→ To do: Please copy, exactly as they appear below, the lines from the one containing "2022年北师大版一年级上册数学期末测试卷六(图片版)(3)" through the one containing "首先,项目负责人护理部田英杰".

Dataset items
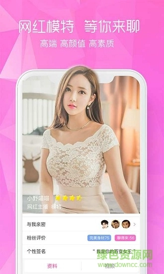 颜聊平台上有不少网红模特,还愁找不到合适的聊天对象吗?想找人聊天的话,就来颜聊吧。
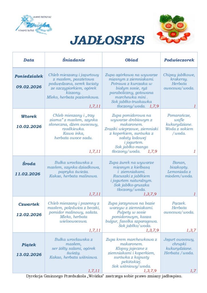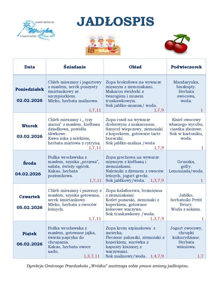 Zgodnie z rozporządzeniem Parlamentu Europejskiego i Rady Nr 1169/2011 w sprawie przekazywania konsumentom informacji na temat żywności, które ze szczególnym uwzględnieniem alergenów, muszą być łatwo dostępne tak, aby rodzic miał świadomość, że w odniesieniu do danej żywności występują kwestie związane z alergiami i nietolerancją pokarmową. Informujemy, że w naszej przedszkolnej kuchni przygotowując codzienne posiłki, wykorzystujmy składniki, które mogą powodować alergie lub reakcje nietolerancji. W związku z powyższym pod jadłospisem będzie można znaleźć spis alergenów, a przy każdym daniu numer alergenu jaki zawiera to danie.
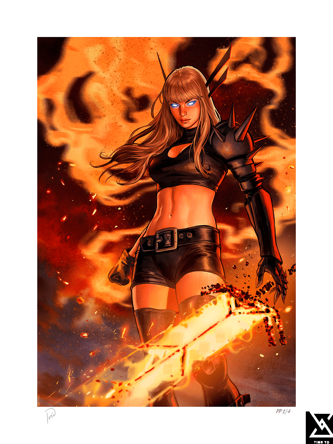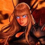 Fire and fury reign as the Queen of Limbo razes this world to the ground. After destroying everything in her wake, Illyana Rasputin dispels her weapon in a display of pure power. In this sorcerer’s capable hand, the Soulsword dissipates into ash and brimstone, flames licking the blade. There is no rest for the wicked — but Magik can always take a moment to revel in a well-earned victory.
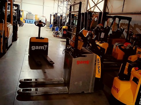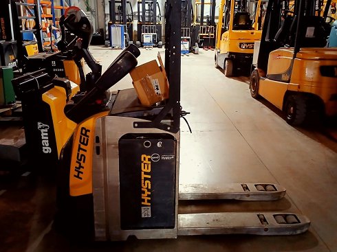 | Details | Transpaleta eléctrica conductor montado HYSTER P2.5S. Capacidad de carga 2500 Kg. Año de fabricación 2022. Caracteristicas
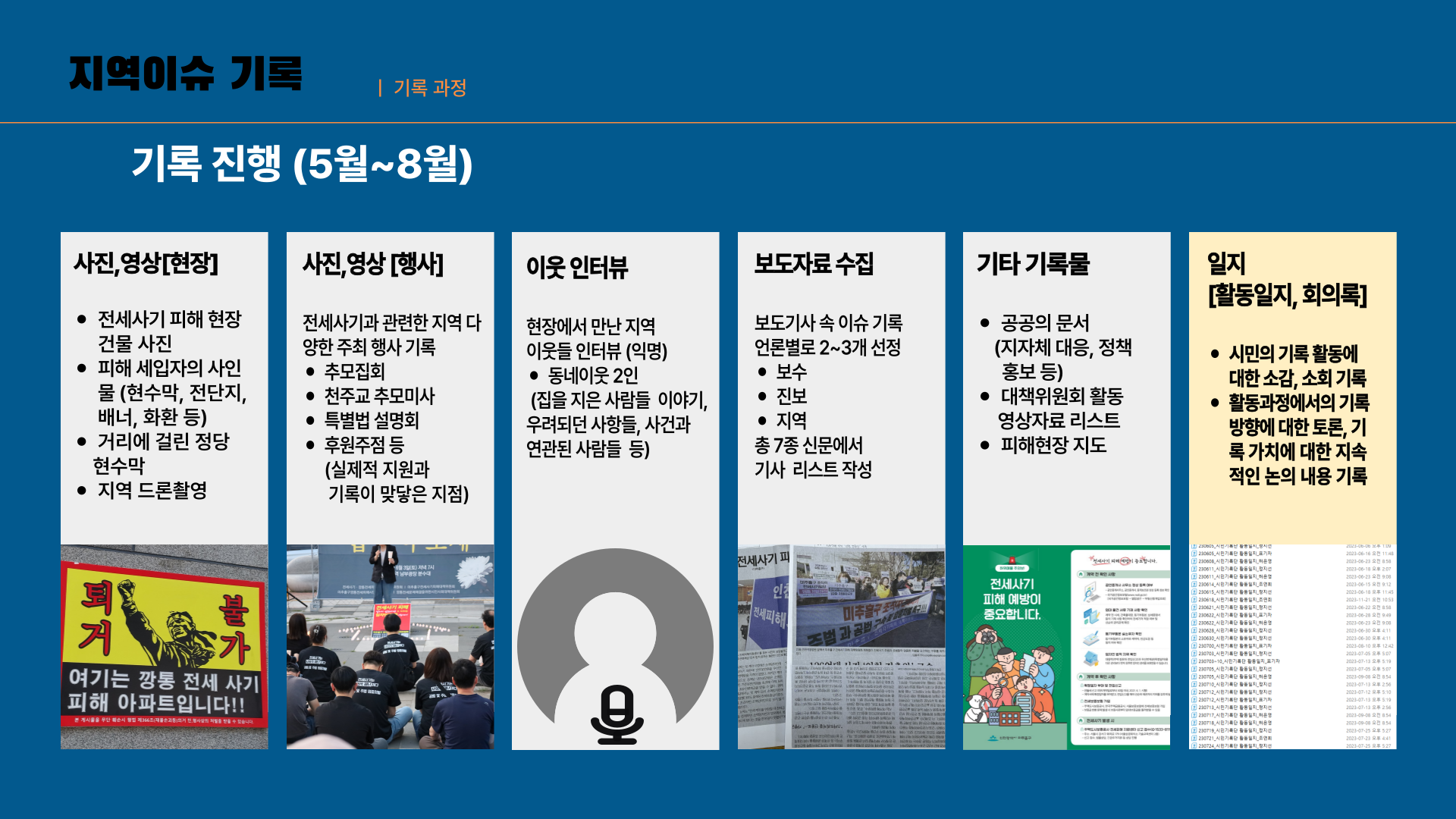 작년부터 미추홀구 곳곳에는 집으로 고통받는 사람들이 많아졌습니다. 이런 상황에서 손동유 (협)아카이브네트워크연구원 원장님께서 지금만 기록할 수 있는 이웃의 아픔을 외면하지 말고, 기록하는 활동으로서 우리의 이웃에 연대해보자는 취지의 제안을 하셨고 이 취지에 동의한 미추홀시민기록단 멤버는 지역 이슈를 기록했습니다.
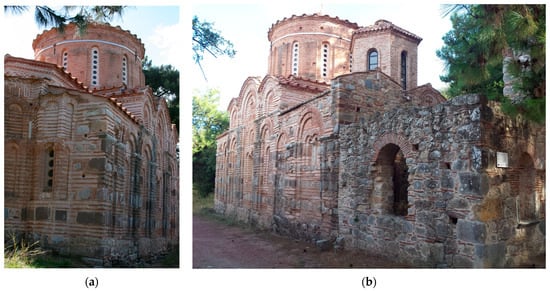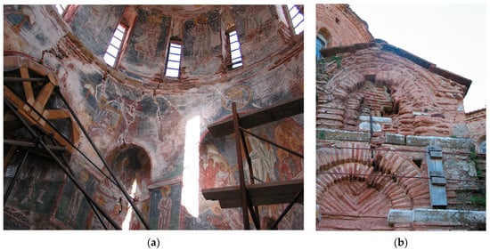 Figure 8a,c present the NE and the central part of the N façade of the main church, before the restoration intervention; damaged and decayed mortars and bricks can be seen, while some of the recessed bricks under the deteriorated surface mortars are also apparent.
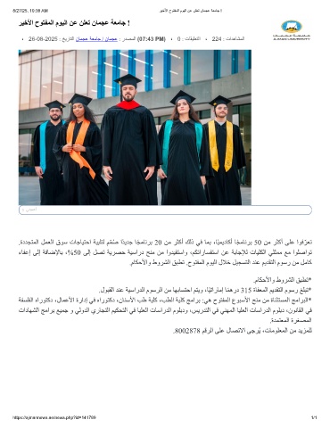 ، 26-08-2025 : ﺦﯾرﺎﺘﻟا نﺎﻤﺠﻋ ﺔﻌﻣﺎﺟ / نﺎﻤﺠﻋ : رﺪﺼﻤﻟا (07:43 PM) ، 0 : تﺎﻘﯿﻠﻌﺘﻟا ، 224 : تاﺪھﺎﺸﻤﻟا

* * *

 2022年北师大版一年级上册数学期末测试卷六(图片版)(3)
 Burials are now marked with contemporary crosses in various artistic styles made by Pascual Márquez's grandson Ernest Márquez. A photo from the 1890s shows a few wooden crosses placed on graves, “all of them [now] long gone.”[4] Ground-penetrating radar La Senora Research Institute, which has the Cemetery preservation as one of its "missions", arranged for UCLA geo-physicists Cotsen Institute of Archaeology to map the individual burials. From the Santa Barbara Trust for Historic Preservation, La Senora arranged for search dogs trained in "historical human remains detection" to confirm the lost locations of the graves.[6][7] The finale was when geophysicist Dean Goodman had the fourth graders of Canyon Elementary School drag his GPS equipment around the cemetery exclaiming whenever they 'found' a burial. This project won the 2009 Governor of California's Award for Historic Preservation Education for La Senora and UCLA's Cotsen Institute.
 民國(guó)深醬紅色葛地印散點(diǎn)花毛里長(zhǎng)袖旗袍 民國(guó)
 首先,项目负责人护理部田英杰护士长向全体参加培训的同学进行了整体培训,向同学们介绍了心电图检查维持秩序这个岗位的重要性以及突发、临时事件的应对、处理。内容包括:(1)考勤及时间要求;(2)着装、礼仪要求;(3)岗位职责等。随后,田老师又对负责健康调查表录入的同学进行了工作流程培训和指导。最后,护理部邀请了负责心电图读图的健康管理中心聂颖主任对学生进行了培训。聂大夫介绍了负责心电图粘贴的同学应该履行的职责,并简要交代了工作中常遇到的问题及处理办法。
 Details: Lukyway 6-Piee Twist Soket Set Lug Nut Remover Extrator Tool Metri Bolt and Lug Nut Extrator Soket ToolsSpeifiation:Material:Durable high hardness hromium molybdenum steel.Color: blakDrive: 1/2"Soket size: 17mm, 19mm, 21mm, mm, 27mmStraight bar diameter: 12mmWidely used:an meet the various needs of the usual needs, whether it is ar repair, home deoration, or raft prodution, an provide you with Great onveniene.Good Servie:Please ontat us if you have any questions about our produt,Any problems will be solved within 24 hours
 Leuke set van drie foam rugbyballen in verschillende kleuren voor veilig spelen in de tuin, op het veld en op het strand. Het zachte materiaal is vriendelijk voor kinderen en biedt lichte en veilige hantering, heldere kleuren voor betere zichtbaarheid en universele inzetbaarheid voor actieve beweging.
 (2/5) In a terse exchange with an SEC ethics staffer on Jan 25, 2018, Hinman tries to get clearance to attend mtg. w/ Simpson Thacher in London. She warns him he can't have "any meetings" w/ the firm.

→ The answer:
 2022年北师大版一年级上册数学期末测试卷六(图片版)(3)
 Burials are now marked with contemporary crosses in various artistic styles made by Pascual Márquez's grandson Ernest Márquez. A photo from the 1890s shows a few wooden crosses placed on graves, “all of them [now] long gone.”[4] Ground-penetrating radar La Senora Research Institute, which has the Cemetery preservation as one of its "missions", arranged for UCLA geo-physicists Cotsen Institute of Archaeology to map the individual burials. From the Santa Barbara Trust for Historic Preservation, La Senora arranged for search dogs trained in "historical human remains detection" to confirm the lost locations of the graves.[6][7] The finale was when geophysicist Dean Goodman had the fourth graders of Canyon Elementary School drag his GPS equipment around the cemetery exclaiming whenever they 'found' a burial. This project won the 2009 Governor of California's Award for Historic Preservation Education for La Senora and UCLA's Cotsen Institute.
 民國(guó)深醬紅色葛地印散點(diǎn)花毛里長(zhǎng)袖旗袍 民國(guó)
 首先,项目负责人护理部田英杰护士长向全体参加培训的同学进行了整体培训,向同学们介绍了心电图检查维持秩序这个岗位的重要性以及突发、临时事件的应对、处理。内容包括:(1)考勤及时间要求;(2)着装、礼仪要求;(3)岗位职责等。随后,田老师又对负责健康调查表录入的同学进行了工作流程培训和指导。最后,护理部邀请了负责心电图读图的健康管理中心聂颖主任对学生进行了培训。聂大夫介绍了负责心电图粘贴的同学应该履行的职责,并简要交代了工作中常遇到的问题及处理办法。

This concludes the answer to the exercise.